If you want to have the experience of being wrong about something, you could pick no better topic than Gaza or, more broadly, Israel and Palestine. I suspect that no other result is even possible, no matter how well intentioned or how well informed one might be. Any position that one would advocate for must stand atop the contradictions and oppositions and exceptions that are inherent to Israel and Palestine – building an argument about Israel and Palestine is something like trying to erect a structure atop a mountain of pebbles.
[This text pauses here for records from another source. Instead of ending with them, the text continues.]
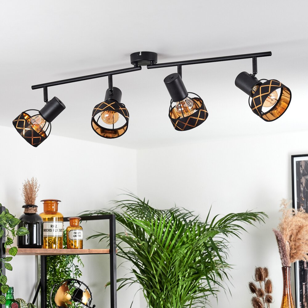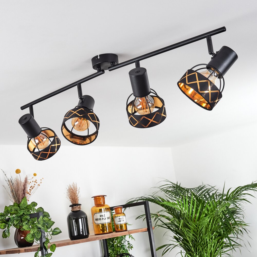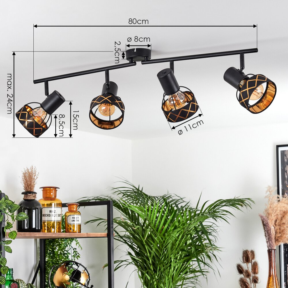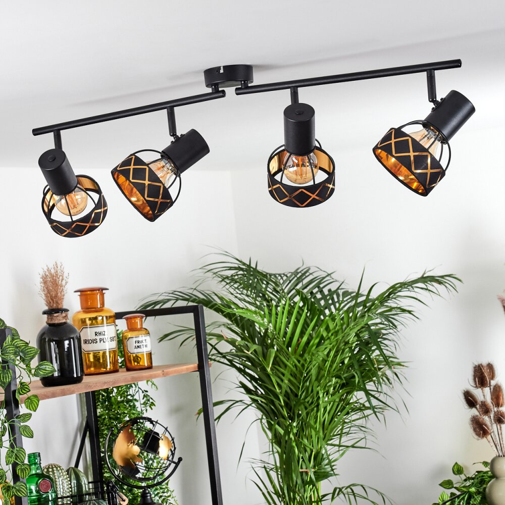 Safari Plafondlamp Chroom, Natuurlijke kleuren, Zwart, 4-lichts
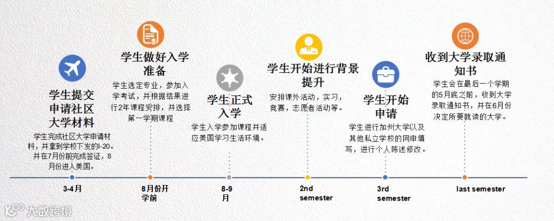 就读加州社区大学。两年的社区大学并不是国人所认为的大专,而是作为衔接四年制大学的有力平台和跳板。在社大就读的两年课程相当于四年制大学的一二年级课程。 学生在完成社区大学的一二年级,不仅可以转学到四年制的公立大学,例加州大学--UC系统。还可以迈入TOP美国私立大学:常青藤顶尖大学, 例如斯坦福大学,康奈尔大学,南加州大学等。继续三, 四年级的学习,毕业以后拿名校的学士学位 (bachelor’s degree)。
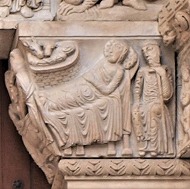 | 12使徒のリンテルを支える右側のピラスターの柱頭には、キリスト降誕と幼子イエスの湯あみが描かれています。 キリスト降誕の場面では、マリアはベッドに横たわり、その枕元でヨセフは腰を掛け、物思いに耽っています。イエスはまぐさ桶に寝かされ、牛とロバが覗いています。イエスの沐浴の場面では、2人の女性が幼子を湯に浸からせており、イエスの上に聖霊を象徴する鳩が舞い降りています。 |
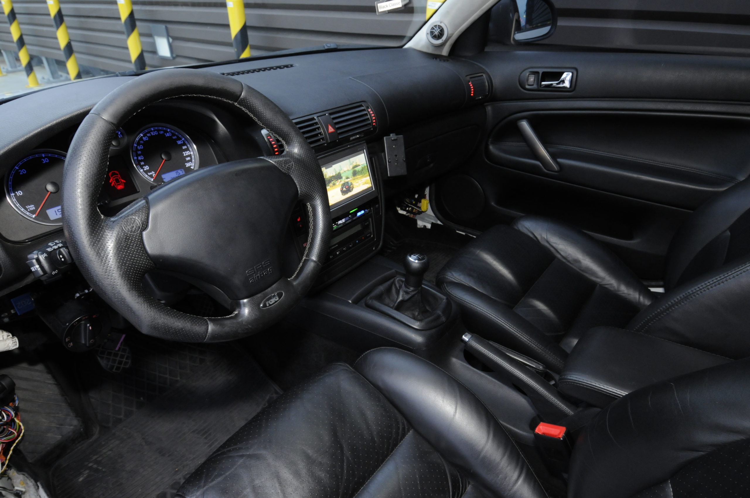 MODYFIKACJE WE WNĘTRZU: kierownica Raid Silberpfeil z air-bagiem, kratki nawiewów od Skody Superb, lampka od W8 z diodami, zegary z dużym FIS-em.
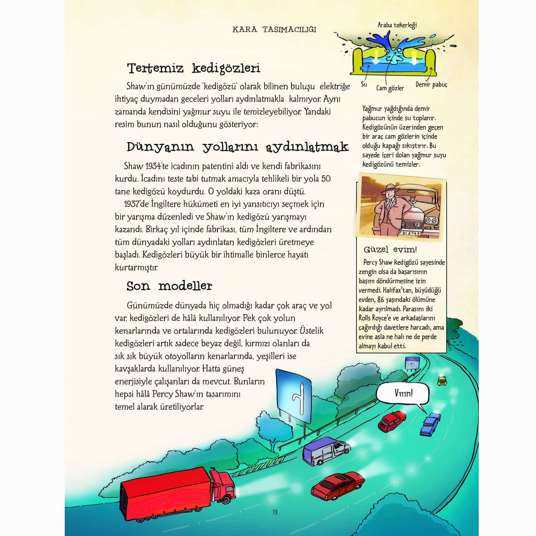 Ekmek kızartma makineleri, tuvaletler, televizyonlar, arabalar, çeşit çeşit çikolatalar, uçmak için yapılan aletler ve makineler, tabii kot pantolonlar... Birilerinin bulmak için gerçekten çok çaba sarfettiği günlük hayatımızda çok sık kullandığımız bütün bu şeyler ve çok daha fazlası bu kitapta... Gerçek hayattan hikâyeler ve mucitlerin mükemmel fikirlerinin ardındaki parlak kıvılcımlar ile bu kitap sizi, antik gelişmelerden modern dünyanın yüksek teknolojili buluşlarına doğru heyecan dolu bir yolculuğa çıkaracak.
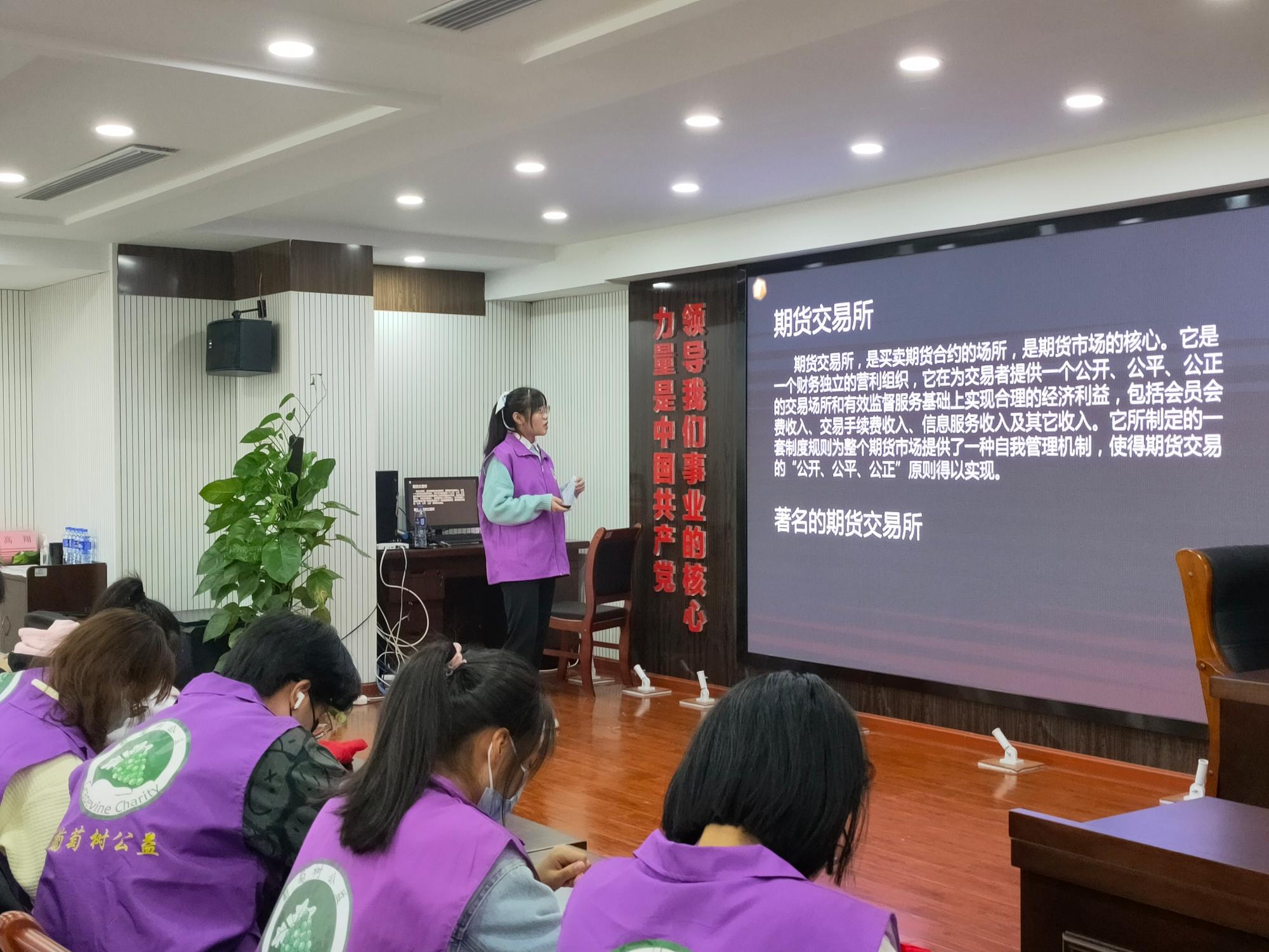 当天上午,葡萄树公益服务中心的老师对所有志愿者进行了关于志愿理念的普及和志愿者行为规范的培训,并组织志愿者们开展分组讨论。随后各小组派代表上台与大家分享了自己的志愿活动经历与感受。之后,院金融工程学会的同学为大家分享了关于金融期货的小知识,保险学会的同学为大家讲解了六险一金等保险相关知识,向现场来自不同高校不同专业的志愿者们传递了丰富的基础金融知识。
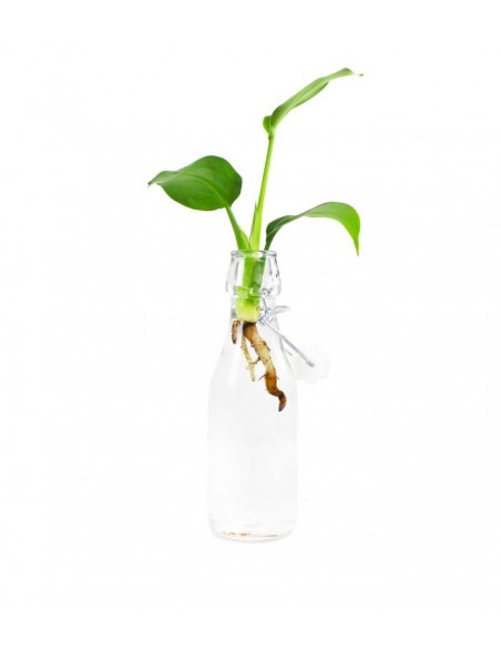 Il design rustico e naturale di questa bottiglia in vetro con all'interno una piccola pianta di filodendro vi consentirà di aggiungere un tocco decorativo ai vostri ambienti. Il verde intenso delle foglie lisce e lucide contrastano con il vetro del vaso e creano un gioco di equilibri. Un oggetto dalla linea assolutamente minimal che vi consentirà di ammirare lo sviluppo delle radici aeree di questa pianta. Un complemento d'arredo originale, ideale per essere inserito in qualsiasi ambiente, da solo oppure abbinata ad altre bottiglie della stessa collezione.
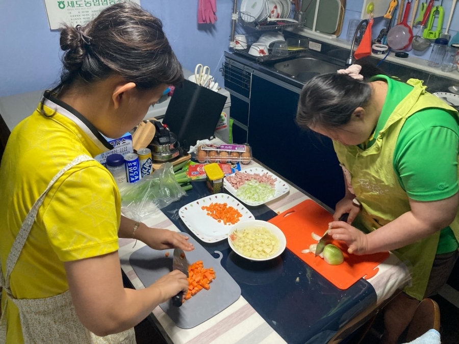23.06.21 조*미 님, 윤*숙님과 함께 햄볶음밥과 계란국을 직접 만들어보는 시간을 가졌습니다.
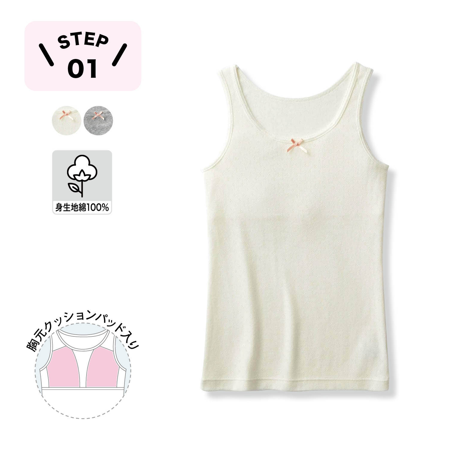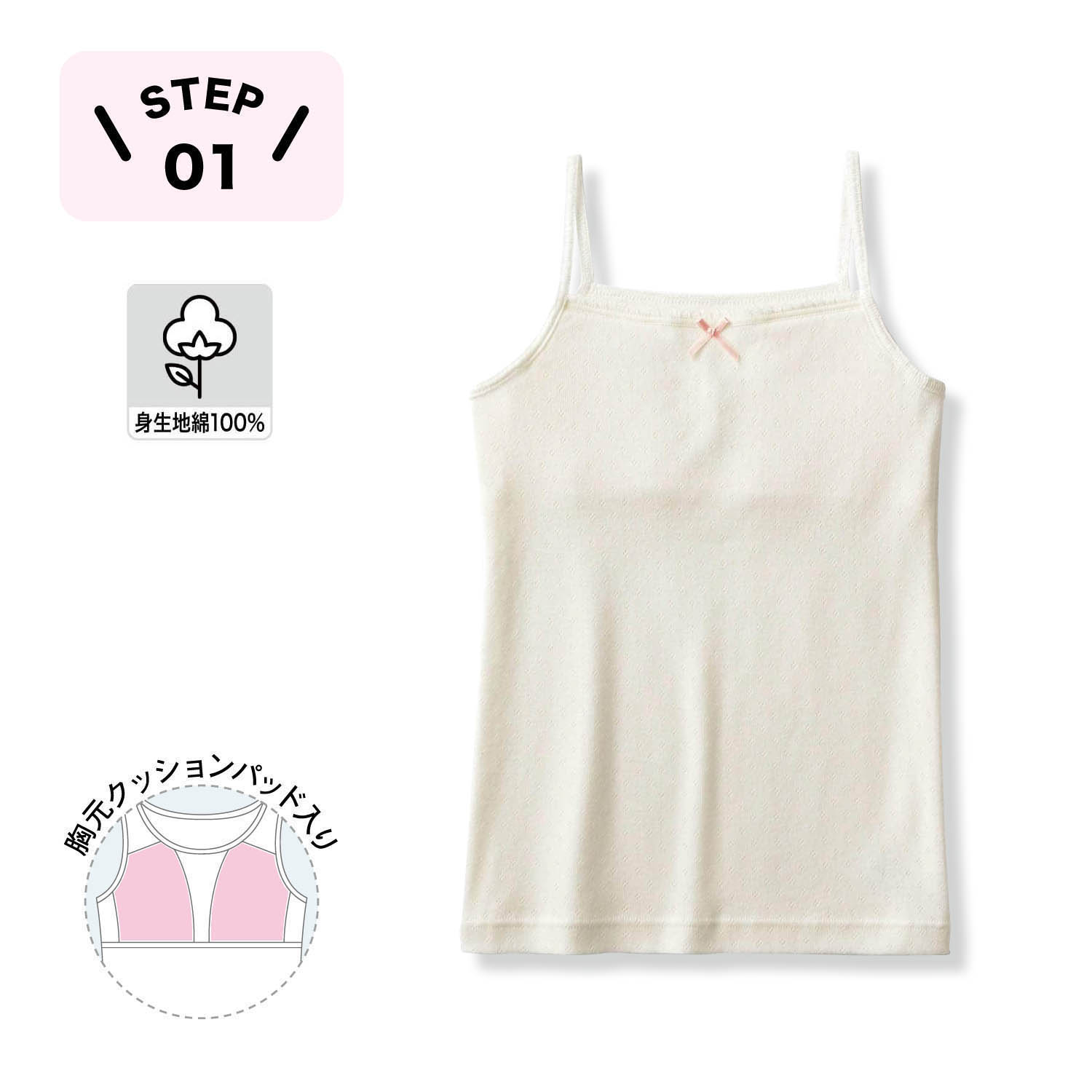 ―デザイン・スタイリング―・成長期の敏感なバストをやさしくカバーするインナー・バストを目立たせない、薄手のクッションパッド入り・ブラジャーは恥ずかしい、というお子様にもぴったり―素材―・身生地はお肌にやさしい綿100%パターンメッシュ素材―機能―・前身頃のみ、締め付け感のないアンダーテープ付き
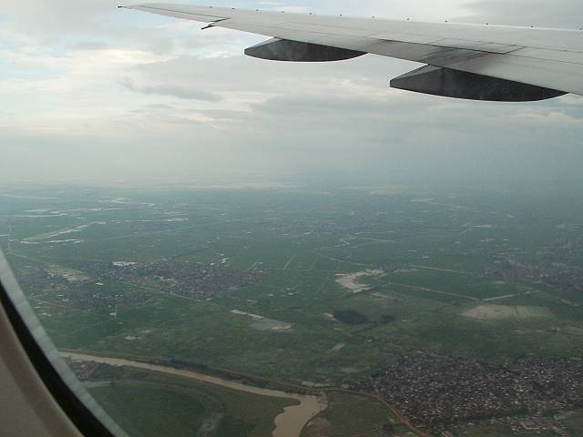 高度を下げると、田園風景。いたるところに水たまりのような沼とも湖ともいえるような景色が見られた。無事着陸。田舎の飛行場のような大きくはない空港だった。

And, of course, a lot of what is being said is neither well informed nor in good faith. To pick but one of a legion of possible examples, I turn your attention to Republican Virginia Foxx, who represents the 5th District of North Carolina in the U.S. House of Representatives. She helped lead the charge by Republican members of the House of Representatives to argue that the student protest movement (and elite universities more broadly) are a hotbed of antisemitism. But her nose for antisemitism hasn’t managed to pick up on Mark Robinson, the Republican nominee for governor in her state, whose fetid sink of public statements includes holocaust denials and admiring quotation of Hitler.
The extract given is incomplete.